On the node (14) where the frontend service was running, receiving about 10 HTTP requests per second, for the http_server_request_duration_seconds family no metric with "k8s_deployment_name" and ""service_name" labels equal to "frontend-6" and the 'client_address' equal to "loadgenerator-6" is found. This is unexpected as the HTTP requests was reported as successfully processed on the "loadgenerator-6" instance.

The next steps was performed to understand the issue behavior:

Delete the "loadgenerator-6" instance POD, wait to be recreated and send requests. The "loadgenerator-6" was scheduled on another cluster node. Both issues are remaining present.
Delete the "frontend-6" instance POD, wait to be recreated and operational. The "frontend-6" POD was scheduled on another cluster node. At this moment both issues disappeared.

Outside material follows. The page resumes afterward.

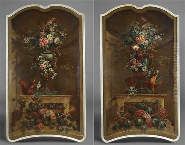 Bouquet De Fleurs Dans Un Vase Orne Et Un Perroquet (+ Another; Pair)
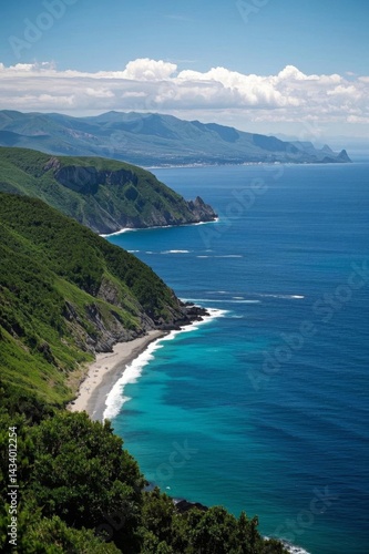 arafed view of a beach and a body of water with a mountain in the background

I think the issue is related to the first packet identification for a flow, and seems a response packet was selected to build a flow session, but I have no strong evidence to confirm this hypothesis.

I will try to find a easy and more predictable way to reproduce the issues and do further investigations.

Please let me know if such issues are known and if such issues was fixed after the release 1.6.4.

Please see below a simple diagram presenting the issues.

Best Regards
Corneliu

grcevski · 2024-07-22T18:24:18Z

Thanks so much for reporting this @corneliu-calciu ! I believe we fixed number of these issues in our main branch, 1.7.0 is imminent I think, so I expect it will happen this week. If you are able to try the beyla:main branch that would be great, if not 1.7.0 should come very soon.

corneliu-calciu · 2024-07-24T10:42:18Z

Hi Nikola

I did run the test against beyla main version of the container and the second issue, related to missing flows is still present.

The flow from load-generator-4 to frontend-4 was missing on the server side metrics http_server_request_duration_seconds_count family, but present on the client side http_client_request_duration_seconds_count metrics.

Client side
Verified on the node where “smartscaler-load-gen-acme-4” is running

http_client_request_duration_seconds_count{http_request_method="GET", http_response_status_code="200", http_route="/**", instance="localhost:8999", job="beylaremote", k8s_deployment_name="smartscaler-load-gen-acme-4", k8s_namespace_name="acme", k8s_node_name="ip-10-0-14-188.ec2.internal", k8s_pod_name="smartscaler-load-gen-acme-4-85f77698fb-shwsk", k8s_pod_start_time="2024-07-23 19:08:26 +0000 UTC", k8s_pod_uid="288f3690-ebc9-4491-8e6d-4be72ea775cd", k8s_replicaset_name="smartscaler-load-gen-acme-4-85f77698fb", server_address="frontend-acme-4", server_port="3000", service_name="smartscaler-load-gen-acme-4", service_namespace="acme", url_path="/products"}
33038 << Correct

Server side
Verified on the node where “frontend-acme-4” is running.

Relax the query and specify only the client_address="smartscaler-load-gen-acme-4"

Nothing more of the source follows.